The Pre-Trial Chamber shall, on the basis of the hearing, determine whether there is sufficient evidence to establish substantial grounds to believe that the person committed each of the crimes charged. Based on its determination, the Pre-Trial Chamber shall: (a) Confirm those charges in relation to which it has determined that there is sufficient evidence, and commit the person to a Trial Chamber for trial on the charges as confirmed; (b) Decline to confirm those charges in relation to which it has determined that there is insufficient evidence; (c) Adjourn the hearing and request the Prosecutor to consider: (i) Providing further evidence or conducting further investigation with respect to a particular charge; or (ii) Amending a charge because the evidence submitted appears to establish a different crime within the jurisdiction of the Court.

In this respect, the Pre-trial Chamber III held that:

 48. Although the parties and participants referred implicitly or explicitly to article 28 of the Statute in their oral presentations and some of them in their written submissions, the Chamber still believes that the idea of a different form of participation pursuant to article 28 of the Statute was not sufficiently addressed. Accordingly, the Chamber deems it necessary to receive in writing some elaboration on this particular form of participation on the basis of the evidence already disclosed in order to be in a position to issue a decision on the merits as to whether Mr Jean-Pierre Bemba should be committed to trial.

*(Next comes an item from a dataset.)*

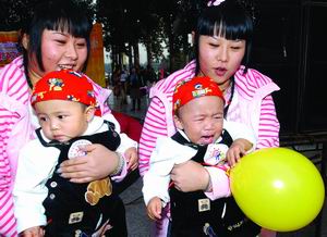 9時30分,開幕式演出開始,主持人是一對剛剛大學畢業的雙胞胎。他倆身著同樣的服裝在臺上一唱一和,連聲音都一模一樣。隨后,25對雙胞胎輪番出場,歌舞、相聲、小品、魔術、武術,一口氣演了倆小時。其中,兩對特地從長春趕來表演雜技的雙胞胎夫妻,又是姐妹,又是兄弟,又是夫妻,把臺下上千名雙胞胎觀眾徹底搞糊涂了。
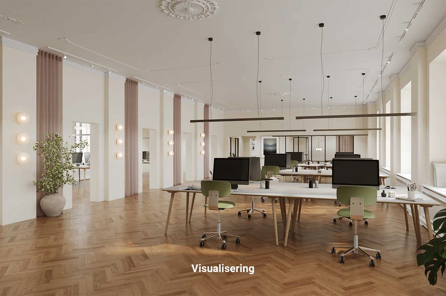 Nyistandsat kontorlejemål med adgang til fælles kantine

In this respect, the Chamber recalls its Decision on Disclosure and the decision requesting the Prosecutor to file an in-depth analysis chart for the purpose of assisting the Defence in responding to the Prosecutor’s arguments, and clarifies that any further evidence submitted by the Prosecutor will not be considered. (footnotes omitted)

What the Pre-trial Chamber III decided is that the Prosecutor should consider addressing article 28 of the Statute as possible form of criminal liability other than criminal liability based on the alleged co-perpetration of the crimes. In other words, the Pretrial Chamber III invited the Prosecutor to charge Jean-Pierre Bemba Gombo with command responsibility under Article 28 of the Rome Statute. Whether this means that the Pre-Trial Chamber III believes already at this stage (when charges are yet to be confirmed) that command responsibility is more appropriate form of criminal liability for establishing individual  responsibility of Bemba Gombo remains unknown and unclear. It appears, however, that this decision is certainly good news for Bemba Gombo and its lawyers as criminal liability based on command responsibility is often deemed as lesser form of liability, which often results in a lesser sentence than criminal liability based on the co-perpetration.